### [DATA PROVIDED]
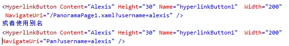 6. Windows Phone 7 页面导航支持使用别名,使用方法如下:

--

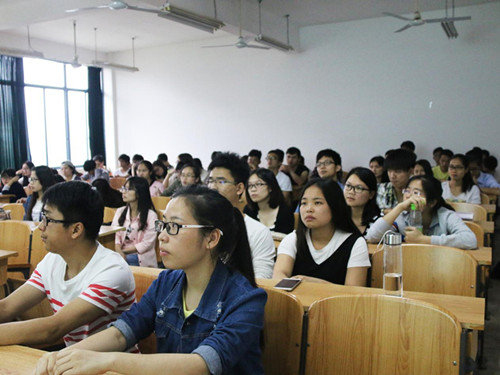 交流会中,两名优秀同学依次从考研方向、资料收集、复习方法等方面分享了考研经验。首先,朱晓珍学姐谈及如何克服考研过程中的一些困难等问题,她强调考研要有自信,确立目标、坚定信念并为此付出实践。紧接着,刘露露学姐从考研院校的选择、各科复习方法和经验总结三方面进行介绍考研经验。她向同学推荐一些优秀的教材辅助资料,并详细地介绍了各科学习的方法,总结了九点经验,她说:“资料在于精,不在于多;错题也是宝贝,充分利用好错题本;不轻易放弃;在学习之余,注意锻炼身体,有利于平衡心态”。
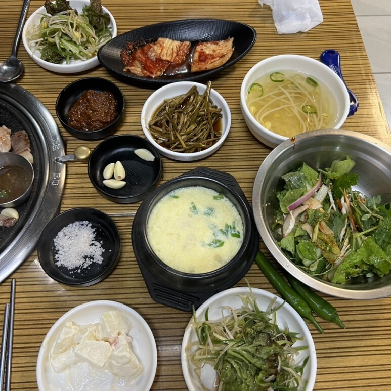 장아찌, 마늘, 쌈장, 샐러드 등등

### [ABOUT THIS TASK]
Your copy should hold only the lines above from the one containing "交流会中,两名优秀同学依次从" through the one containing "장아찌, 마늘, 쌈장, 샐러드 등등", exactly as written and free of pictures.

### [SOLUTION TO THE EXERCISE]
 交流会中,两名优秀同学依次从考研方向、资料收集、复习方法等方面分享了考研经验。首先,朱晓珍学姐谈及如何克服考研过程中的一些困难等问题,她强调考研要有自信,确立目标、坚定信念并为此付出实践。紧接着,刘露露学姐从考研院校的选择、各科复习方法和经验总结三方面进行介绍考研经验。她向同学推荐一些优秀的教材辅助资料,并详细地介绍了各科学习的方法,总结了九点经验,她说:“资料在于精,不在于多;错题也是宝贝,充分利用好错题本;不轻易放弃;在学习之余,注意锻炼身体,有利于平衡心态”。
 장아찌, 마늘, 쌈장, 샐러드 등등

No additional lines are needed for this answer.